1) full equilibrium partitioning among all phases (and making sure that all phases present are really known and not overlooked, for instance because they are very small), considering full thermodynamic equilibration for all of the elements (viz the fast ones such as C, N, H etc and the slow ones such as Mn and Si etc) - this does not happen very often. Most low temperature equilibrium partitioning coefficients are extremely difficult to measure.
2) equilibrium partitioning among phases only for fast diffusers; rest same as above
3) partial equilibrium partitioning only at the interface, but decaying concentrations far away from the interface, due to kinetics.

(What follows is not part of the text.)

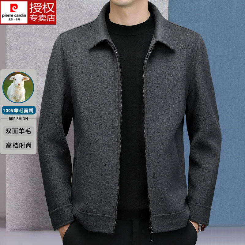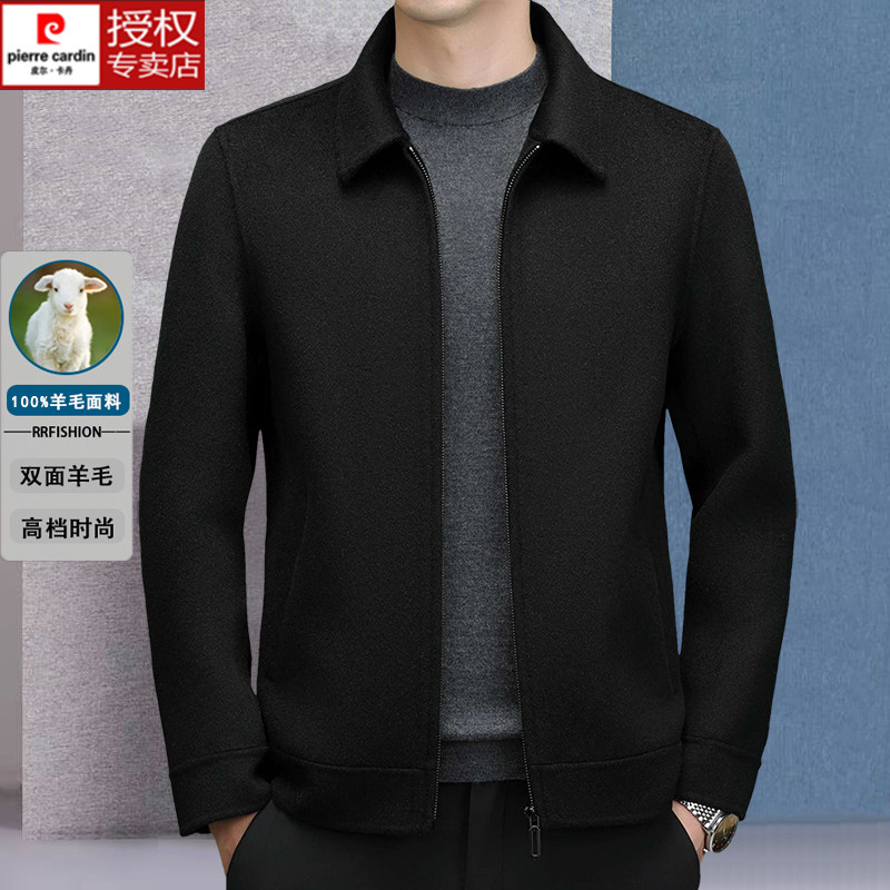 淘宝皮尔卡丹冬季双面羊毛呢子大衣男士短款商务休闲夹克拉链翻领外套

4) equilibrium partitioning NOT only among the two (or more) phases, but also among the interface itself and the adjacent phases (the interface is a thermodynamic trapping site of its own, due to the adsorption isotherm, and may elements in steel also partition to them (and not only to the phases)).
All of the resulting partitioning coefficients depend substantially on kinetics and composition of course.
Some of them can be obtained directly from multi-component phase diagrams (full equilibrium required, is practically never the case in steels) and some not (kinetics, then u have to use dictra of phase field etc).
In all of these cases exact values for multi-component partitioning coefficients can experimentally usually only be obtained by using atom probe tomography.
Taking partitioning coefficients from the concentration profiles very close across the hetero-interfaces is particularly helpful as the atoms can maintain local equilibrium (equal chem. potential across the interface) with only a few atomic diffus. jumps - when probing far away from the interface partitioning coefficients are usually wrong, due to kinetics.
Good luck.
Here are some references, but this is a wide and really complex field…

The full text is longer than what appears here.